The evidence thus provides a strong basis for interpreting πίστις Χριστοῦ as an objective genitive.

References:

  • Thomas R. Schreiner, Paul, Apostle of God’s Glory in Christ: A Pauline Theology (Downers Grove: InterVarsity Press, 2001).
  • 11 Responses to “Reason No. 15: Faith in Christ is attested in the undisputed phrases – 100 Reasons πίστις Χριστοῦ is an Objective Genitive”

    1. mattdabbs said

      The other N.T. thinks Romans 3:22 is “faith of Christ” or “faithfulness of Christ” and not our “faith in Christ” meaning that the faithfulness of Christ to God’s plan and will results in God showing grace to his people. Paul for Everyone, 51-52.
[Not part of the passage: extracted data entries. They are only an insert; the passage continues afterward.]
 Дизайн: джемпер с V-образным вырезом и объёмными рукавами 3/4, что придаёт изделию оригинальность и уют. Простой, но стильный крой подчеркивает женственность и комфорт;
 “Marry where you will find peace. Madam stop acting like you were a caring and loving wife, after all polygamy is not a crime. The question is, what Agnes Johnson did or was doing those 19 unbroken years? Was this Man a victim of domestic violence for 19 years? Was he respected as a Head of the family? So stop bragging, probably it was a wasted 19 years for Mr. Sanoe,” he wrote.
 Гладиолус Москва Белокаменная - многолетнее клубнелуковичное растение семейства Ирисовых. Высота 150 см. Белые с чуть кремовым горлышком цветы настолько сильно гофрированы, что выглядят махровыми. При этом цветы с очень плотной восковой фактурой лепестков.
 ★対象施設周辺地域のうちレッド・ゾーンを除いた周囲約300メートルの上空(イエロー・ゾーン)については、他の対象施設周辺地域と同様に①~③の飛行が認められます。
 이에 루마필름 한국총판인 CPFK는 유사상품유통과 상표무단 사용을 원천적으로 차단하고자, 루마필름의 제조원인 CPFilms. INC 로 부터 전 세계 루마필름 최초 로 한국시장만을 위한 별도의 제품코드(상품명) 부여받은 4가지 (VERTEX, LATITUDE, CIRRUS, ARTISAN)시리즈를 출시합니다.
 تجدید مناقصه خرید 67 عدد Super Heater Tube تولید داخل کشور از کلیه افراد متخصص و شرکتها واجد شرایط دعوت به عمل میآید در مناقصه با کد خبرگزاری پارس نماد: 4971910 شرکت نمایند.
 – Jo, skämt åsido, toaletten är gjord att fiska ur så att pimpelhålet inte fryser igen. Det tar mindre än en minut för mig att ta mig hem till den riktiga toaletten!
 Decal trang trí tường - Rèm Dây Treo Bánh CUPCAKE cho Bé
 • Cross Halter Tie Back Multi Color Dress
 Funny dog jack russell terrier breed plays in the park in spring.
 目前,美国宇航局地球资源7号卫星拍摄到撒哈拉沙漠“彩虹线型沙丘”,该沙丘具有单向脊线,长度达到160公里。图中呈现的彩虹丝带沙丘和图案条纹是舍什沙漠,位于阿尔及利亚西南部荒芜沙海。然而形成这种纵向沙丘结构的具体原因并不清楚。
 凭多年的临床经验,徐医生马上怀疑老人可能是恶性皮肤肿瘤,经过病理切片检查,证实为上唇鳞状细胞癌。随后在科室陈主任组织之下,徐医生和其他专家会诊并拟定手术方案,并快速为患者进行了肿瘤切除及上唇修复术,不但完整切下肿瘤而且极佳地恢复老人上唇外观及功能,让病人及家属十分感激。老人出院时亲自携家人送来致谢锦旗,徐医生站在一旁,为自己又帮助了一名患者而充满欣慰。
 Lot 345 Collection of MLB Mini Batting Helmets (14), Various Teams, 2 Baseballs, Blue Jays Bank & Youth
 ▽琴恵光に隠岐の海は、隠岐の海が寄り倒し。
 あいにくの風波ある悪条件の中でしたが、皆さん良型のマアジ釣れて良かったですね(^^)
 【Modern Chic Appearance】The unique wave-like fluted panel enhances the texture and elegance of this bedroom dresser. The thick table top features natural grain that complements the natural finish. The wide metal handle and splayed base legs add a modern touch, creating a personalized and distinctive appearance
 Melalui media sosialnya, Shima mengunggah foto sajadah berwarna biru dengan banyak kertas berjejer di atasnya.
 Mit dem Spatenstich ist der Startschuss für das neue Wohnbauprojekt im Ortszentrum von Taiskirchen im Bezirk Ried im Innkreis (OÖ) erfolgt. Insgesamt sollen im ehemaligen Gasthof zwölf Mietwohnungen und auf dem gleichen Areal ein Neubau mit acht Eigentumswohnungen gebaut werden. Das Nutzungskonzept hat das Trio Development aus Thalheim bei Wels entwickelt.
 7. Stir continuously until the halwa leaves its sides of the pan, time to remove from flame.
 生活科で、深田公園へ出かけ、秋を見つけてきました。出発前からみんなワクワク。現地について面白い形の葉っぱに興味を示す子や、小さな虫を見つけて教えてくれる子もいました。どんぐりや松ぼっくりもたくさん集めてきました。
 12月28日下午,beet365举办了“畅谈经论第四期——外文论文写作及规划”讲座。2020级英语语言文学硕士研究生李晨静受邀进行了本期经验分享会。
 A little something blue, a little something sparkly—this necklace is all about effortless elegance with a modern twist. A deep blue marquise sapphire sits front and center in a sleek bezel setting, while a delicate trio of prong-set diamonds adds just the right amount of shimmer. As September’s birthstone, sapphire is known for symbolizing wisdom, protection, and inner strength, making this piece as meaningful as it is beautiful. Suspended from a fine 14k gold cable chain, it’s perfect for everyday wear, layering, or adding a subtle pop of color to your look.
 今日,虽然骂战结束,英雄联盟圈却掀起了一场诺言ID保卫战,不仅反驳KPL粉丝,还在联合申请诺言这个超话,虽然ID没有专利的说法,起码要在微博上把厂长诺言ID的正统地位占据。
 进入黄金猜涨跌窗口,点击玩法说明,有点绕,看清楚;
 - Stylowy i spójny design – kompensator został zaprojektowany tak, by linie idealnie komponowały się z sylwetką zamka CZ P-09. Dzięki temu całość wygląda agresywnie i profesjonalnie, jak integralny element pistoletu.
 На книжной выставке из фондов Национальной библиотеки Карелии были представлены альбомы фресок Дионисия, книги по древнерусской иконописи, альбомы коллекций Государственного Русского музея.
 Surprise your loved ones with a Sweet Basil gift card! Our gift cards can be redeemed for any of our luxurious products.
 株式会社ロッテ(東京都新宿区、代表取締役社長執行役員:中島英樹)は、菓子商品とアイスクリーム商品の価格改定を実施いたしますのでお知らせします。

    2. danielandtonya said

      All I see is a short list of argued-over verses (who says they’re undisputed?) and your insistence that they should be understood as ‘faith in’. Must I read Schreiner to get your point or will you offer clearer evidence?

    3. Geoff Hudson said

      Comment moved to the Hobbyhorse Post.

    4. I am enjoying the series, antibishop.

      By contrast, there is no unambiguous evidence for the faithfulness of Christ to God in Paul’s epistles.

      Phil 2.6-11?

    5. Geoff Hudson said

      [Comment moved to the Hobbyhorse Post.]

    6. NT Wrong? said

      Matt – one of the better responses to the Bishop of Durham on these verses was Gathercole’s Where is boasting?. Rom 3.21 and 22 should be read together, antithetically.

      Here we go:
      “The ‘righteousness of God revealed apart from the Law” in 3.21 is euivalent to ‘the righteousness of God through faith’ in 3.22… One should not look to the Law, Paul says, as the means to God’s saving righteousness. Rather one receives it by faith.” (224-225)

      Paul’s larger point is that this receipt-by-faith independently-of-the-Law is the same for Jew and Gentile in the new Israel constituted in Christ. That is, the emphasis is on human faith versus human law-following. What’s that comment about Luther and a career in metallurgy?

      Who was Gathercole’s supervisor?

    7. Doug said

      OTOH perhaps there is a commonality between δικαιοσύνη θεοῦ and πίστεως Ἰησοῦ Χριστοῦ. The phrases don’t only balance each other, but the second is the development of the first, one subjective genitive succeeding another.

    8. NT Wrong? said

      That would be missing the forest for the trees. While sustained attempts have been made to dismiss Paul’s contrast of faith and law which is in focus here (eg. Wright’s Romans commentary), the result is highly forced. Paul is contrasting faith and law — the righteousness of God is in the background. Only by a sustained and sophistic bringing of this background into the specific meaning of the foreground can such an interpretation be defended. And in doing so, it sweeps the specific meaning away. The New Perspective is a farce, a faddish mistake — better named ‘The Wrong Turn on Paul’ than ‘New Perspective’.

    9. steph said

      He did it in Durham under Dunn I think.

    10. mattdabbs said

      Paul makes that point very well in Rom 3 without having to have 3:22 say “faith in Christ.” I can see it go either way as both are equally valid points. It is hard to know which has more weight. On the one hand Wright is saying that there is a contrast between Israel’s unfaithfulness in being a light to the Gentiles and Jesus’ faithfulness in getting the job done. On the other hand what Wrong is saying also fits the context of what Paul is saying in Romans 3 – the differences between faith and the law.

      I don’t know that it can definitively be determined as one over the other since they both fit the context and theology of Paul.